Mascherina sì, mascherina no. Da quando si è diffusa la pandemia di coronavirus SARS-CoV-2, tra gli argomenti più controversi vi è sicuramente quello della necessità/opportunità di indossare o meno le maschere chirurgiche (o mascherine), con indicazioni non sempre chiare, variate nel tempo e rese ancor più complesse da "decifrare" a causa dei pareri contrapposti degli stessi scienziati. Nel momento in cui stiamo scrivendo, l'Organizzazione Mondiale della Sanità (OMS) sottolinea nella propria pagina dedicata alle domande e alle risposte sul coronavirus che la mascherina deve essere indossata solo si è malati con sintomi da COVID-19 (in particolar modo tosse), o se ci si prende cura di qualcuno che potrebbe avere l'infezione. “Se non sei malato o non ti prendi cura di qualcuno che è malato, allora stai sprecando una maschera. C'è una carenza mondiale di maschere, quindi l'OMS esorta le persone a usare saggiamente le maschere”, specifica l'OMS. Anche il Ministero della Salute sottolinea che si deve usare la mascherina "solo se si sospetta di essere malati o se si presta assistenza a persone malate". Un'indicazione dello stesso tono viene fornita dai Centri per la prevenzione e il controllo delle malattie (CDC) americani.

A scagliarsi contro questa strategia “occidentale” nell'uso delle mascherine è il professor Sui Huang, biologo molecolare e cellulare presso il prestigioso Institute for Systems Biology (ISB) di Seattle, nello Stato di Washington (Stati Uniti). “Queste linee guida non hanno evidenze scientifiche, ma sono state motivate dalla necessità di salvaguardare le preziose maschere per gli operatori sanitari in vista di una carenza di scorte”, ha sottolineato lo specialista in un lungo articolo pubblicato su Medium.
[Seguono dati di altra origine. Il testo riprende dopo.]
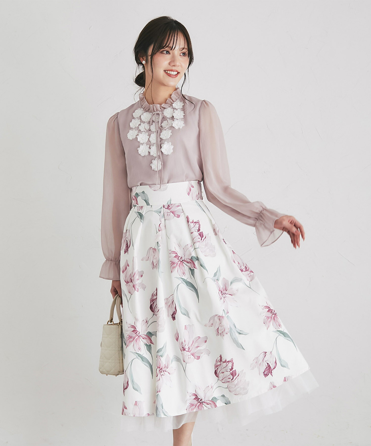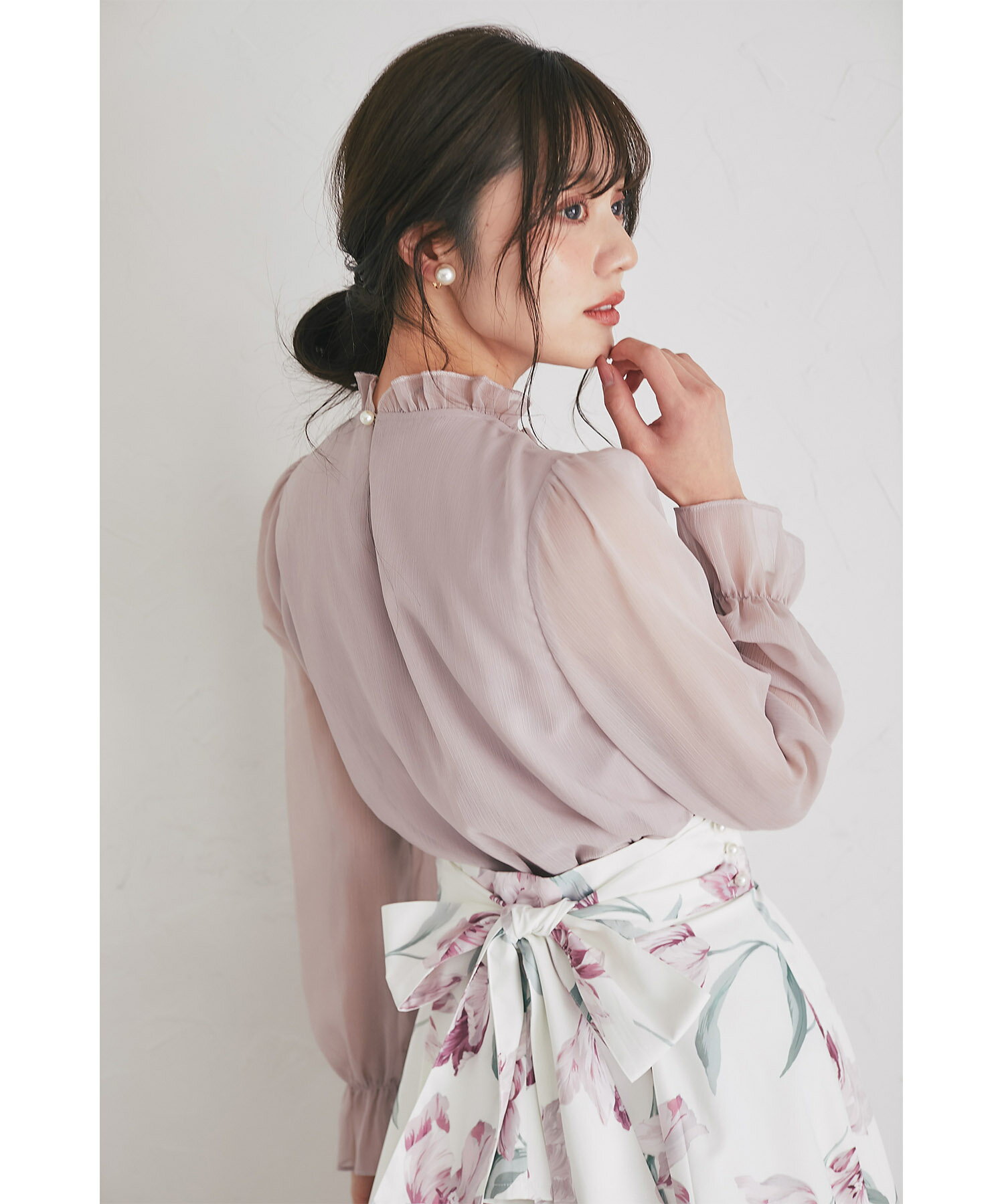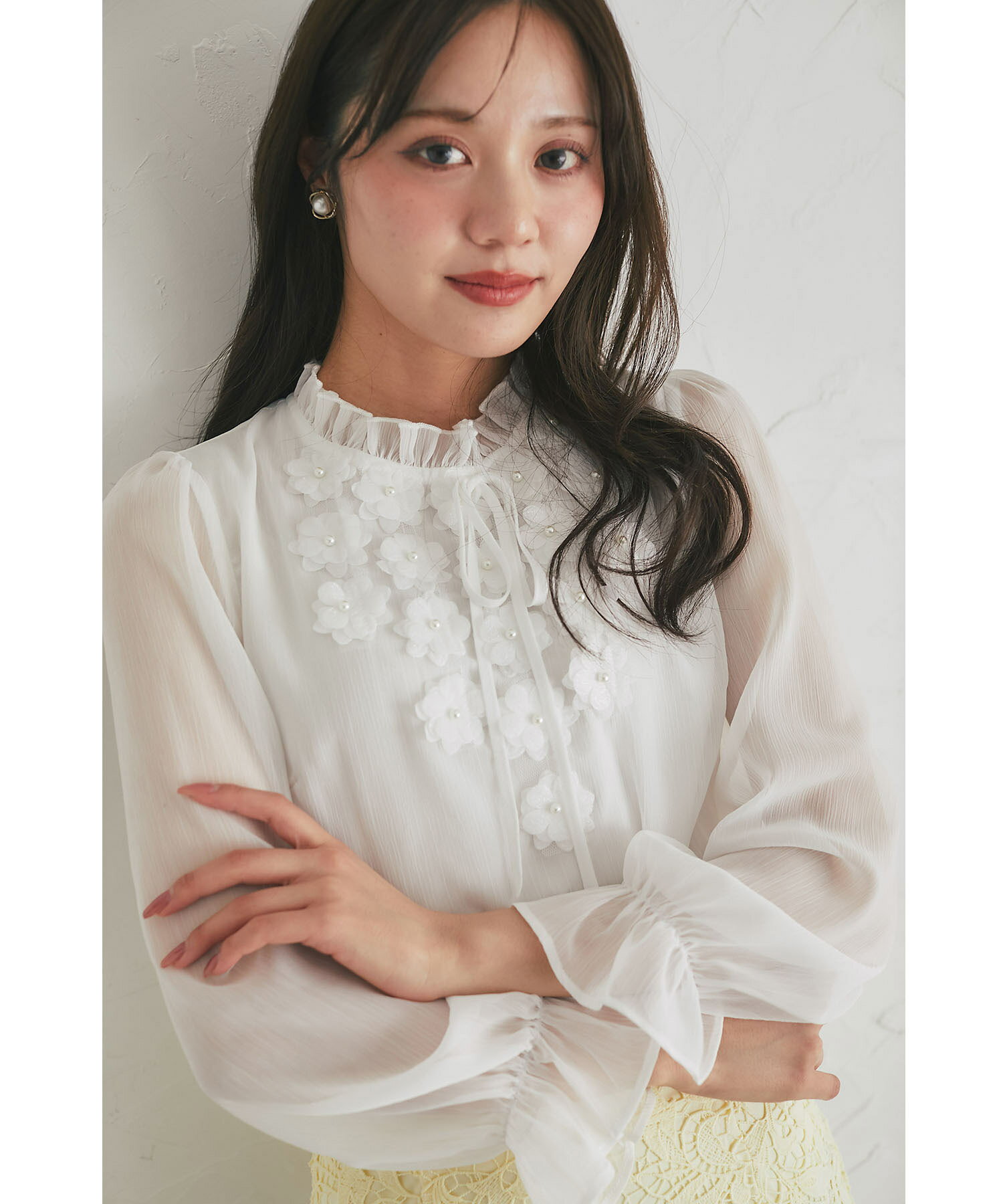 立体フラワーモチーフ&リボン付き楊柳ブラウス【faylith フェイリス】tocco closet(トッコクローゼット) グレイッシュピンク オフホワイト 商品番号:186-193935

Lo scienziato afferma che nei Paesi asiatici, dove c'è l'abitudine di indossare le mascherine per proteggere gli altri anche in condizioni normali (quando circola la sola influenza, per intenderci), la curva del contagio è stata appiattita o è sempre stata più piatta sin dall'inizio. Se l'obiettivo delle autorità sanitarie occidentali è quello di appiattire la curva, allora si deve "abbandonare il pensiero in bianco e nero e abbracciare le sfumature di grigio: non possiamo più affermare che le maschere non sono efficaci", ha affermato l'esperto. Lo studioso sottolinea che sebbene le mascherine chirurgiche o quelle fatte in casa non siano “perfette” come quelle professionali dedicate ai soli operatori sanitari, ciò non significa che non possano farci del bene. Sulla base delle sue considerazioni, infatti, potrebbero “raddoppiare l'impatto dell'intervento non farmacologico (NPI)” nell'appiattimento della curva.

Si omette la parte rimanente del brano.